Index-only shifters make perfect adjustment and synchronization essential. A bike that was high end when new from the late 1990s through today might have eight, nine, ten, eleven, or twelve (sometimes 13) cogs on the rear hub. Drive trains have to match all the way through by brand on the more recent bikes, as SRAM and Shimano have kept the Shifter Wars raging. As with every war, the civilian population suffers much more than the actual combatants. Do you have three, two, or one chainring? By extension, front derailleur or no front derailleur? Well into the 21st Century, the sheer number of speeds was a selling point. Three in the front and nine in the rear makes 27. Three in the front and ten in the rear makes 30. But as chains got skinnier and shifting systems had to handle more chain angle, the industry singled out the front derailleur as the source of all evil. Your high end bike now will have only 12 speeds and damn proud of it. In other words, we're back to the same gear range we had in 1980 with two in the front and six in the back, only it all costs at least three times as much and is far more failure prone. Progress!

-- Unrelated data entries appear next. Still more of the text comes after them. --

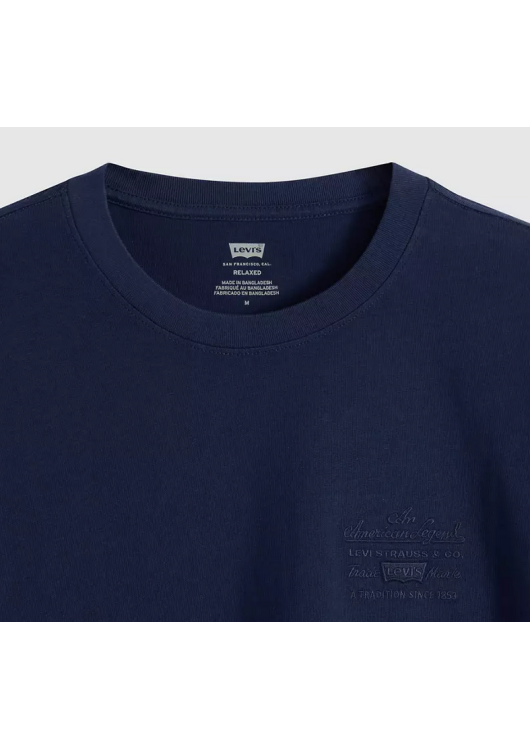Hledáte kvalitní tričko, které působí dospěle, stylově a bez zbytečného křiku dává najevo váš dobrý vkus? Tento tmavě modrý model od legendární značky Levi's® je přesně pro vás. Místo klasického výrazného loga zdobí levou stranu hrudi jemný potisk tón v tónu s textem odkazujícím na americké dědictví a tradici značky.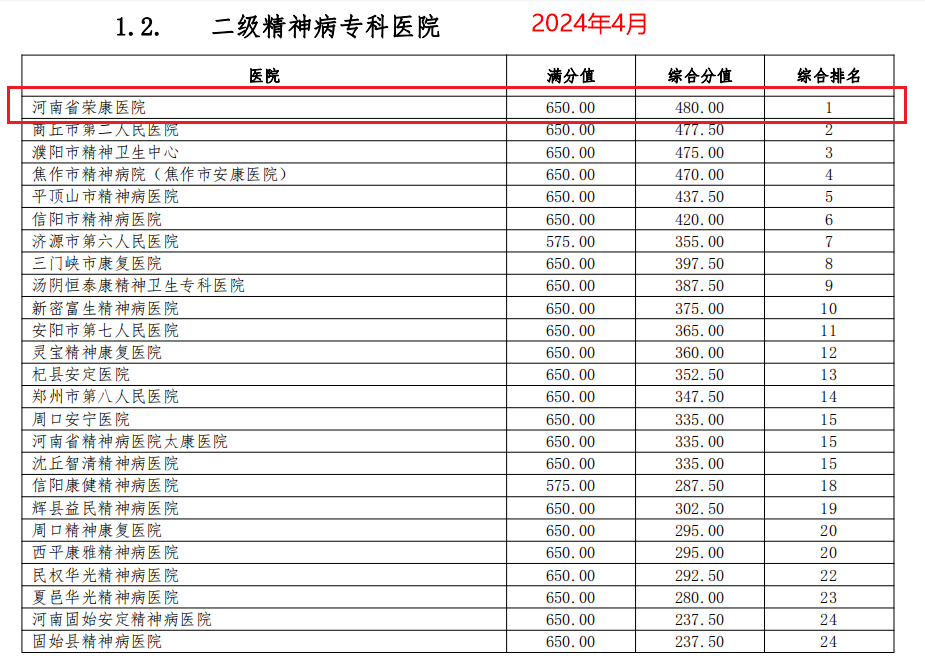 近日,河南省医疗服务质量和绩效分析评价平台发布了2024年4月河南省DRG绩效分析报告,我院DRG绩效综合得分480分,在全省参与考核的25所二级精神专科医院中首次位列第一名。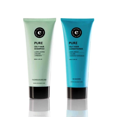 CocunatOily hair shampoo. PURE is the revolution for oily hair. It achieves silky textures with no silicones, maximum hydration with no oily residue, lather power with no sulphates*, for a professional result. Get longer-lasting, truly clean locks. Loose hair that's stronger and healthier, with volume and ZERO OIL.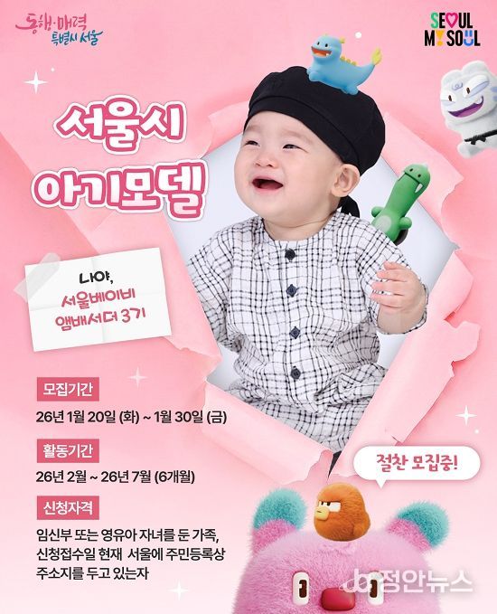정안뉴스 안정주 기자 | 생생한 육아 일상을 통해 아이를 키우는 기쁨과 그 과정에서 도움을 받을 수 있는 서울시의 다양한 임신·출산·육아 정책을 시민 눈높이에서 소개할 ‘서울베이비앰배서더’(baby ambassador)의 새 얼굴을 찾는다.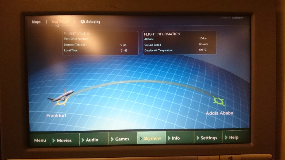 Um ca. 19 Uhr erreichen wir den Frankfurter Flughafen. Wir checken sofort ein. Mit einer leichten Verspätung startet der Flieger mit uns um 22.35 Uhr nach Südafrika, Johannesburg. Kurze Zeit später bekommen wir auch schon eine warme Mahlzeit. So richtig Appetit haben wir jetzt nicht mehr.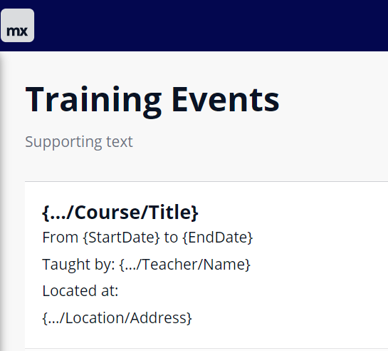 a. 첫 번째 목록 항목 제목을 두 번 클릭합니다. (위 이미지와 같이 {.../Course/Title}이 됩니다.)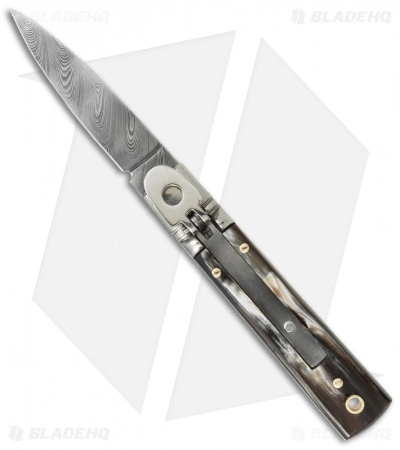 This 6″ Italian Stiletto from AKC comes in the Lever Lock style with a Brazilian horn handle and a damascus blade. AKC specializes in collectible Italian stilettos made with traditional knife-making techniques. This 6″ Lever Lock model has a Brazilian horn handle with a sturdy stainless steel liner. Brass pins add a classic finishing touch to the design. The damascus blade comes in a drop point style with a plain edge. Add classic Italian style to your collection with the AKC 6″ Lever Lock stiletto.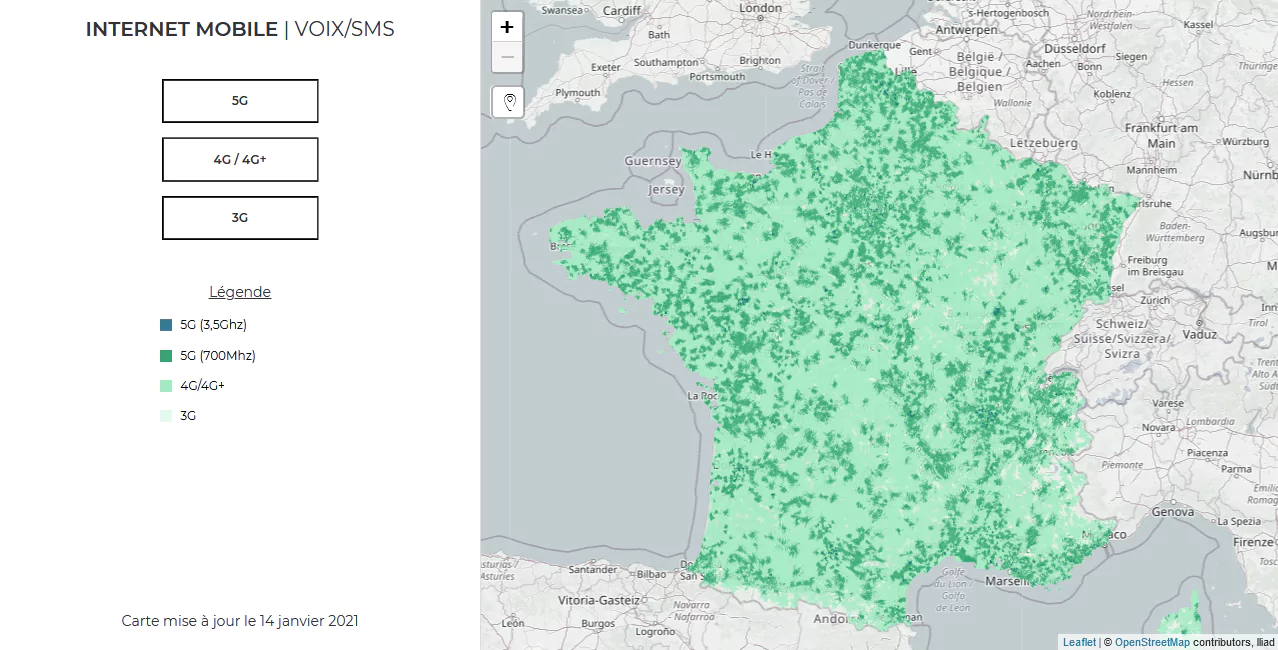 Une carte interactive qui se met à la page. Les données de couverture 3G/4G/5G ont été mises à jour sur le site de Free Mobile, pour indiquer plus précisément la disponibilité des différentes technologies. Ainsi, vous pouvez dorénavant retrouver l’état de la couverture de Free au 14 janvier dernier, contre le 15 décembre auparavant, date de lancement de son réseau 5G.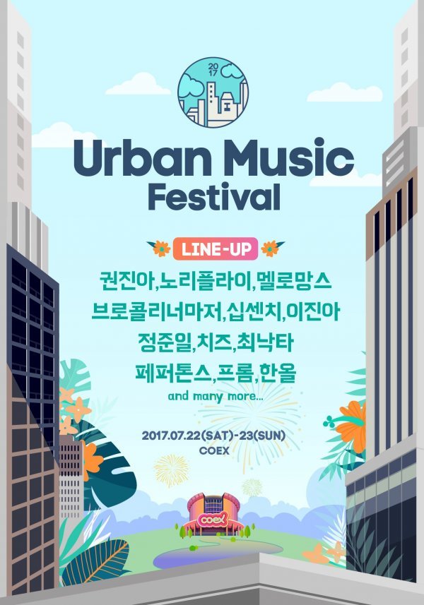 ‘도시, 그리고 당신의 음악’이라는 테마로 도심 속에서 즐기는 음악축제 ‘어반뮤직페스티벌 2017’이 오는 7월 22일, 23일 양일간 코엑스 그랜드볼룸과 오디토리움에서 개최된다.

Riders mostly don't pay attention to any of this. They buy a new bike and treat it they way they have always treated a bike, expecting the same longevity and reliability. A younger rider who has only ever known finicky index-only shifting will have worse "good old days" to look back on compared to an old geezer who remembers friction shifting and well crafted simplicity, but they both can share the realization that things have gotten steadily more costly and fall apart sooner.

We haven't even talked about suspension, disc brakes, or tubeless tires yet. A guy came in with a sheared off alloy spoke nipple on his mountain bike wheel. With a tube-type tire, it's a quick and simple fix. With a tubeless tire, its a time-consuming, messy, costly process that involves completely redoing the rim tape. An air-tight seal is absolutely essential to tubeless tires. You can't maintain that if you peel back a section of rim tape to drop in a replacement spoke nipple. The guy bought a handful of brass nipples and went off to try his own luck with it. He is free to try cutting a hole and patching it afterward, and then dealing with the almost inevitable failure of that patch, leading him eventually to redo the tape completely. That requires completely cleaning and drying the rim before meticulously applying your tape of choice and remounting the old tire or replacing it because you discover that the sidewalls are too broken down to reseal. Even applying a patch won't work unless the work area is perfectly clean and dry. 

An inner tube will press a rim tape repair into place, while also not depending on it. A tubeless tire does not have that advantage. Air pressure alone will not press the patch more firmly where you want it. Air pressure alone will work its way into any area of weakness and turn it into a leak.

Every customer who comes in interrupts the flow of work already in progress -- or the treasure hunt for needed parts so that work can continue. It's not their fault, it's just how things go. Their questions need answers. Their bike or bike part needs preliminary diagnosis. It's important to share information and knowledge, but in the meantime the bike on the stand is just sitting there. And the new work probably triggers more treasure hunting for some part we either hadn't bothered to stock or just ran out of.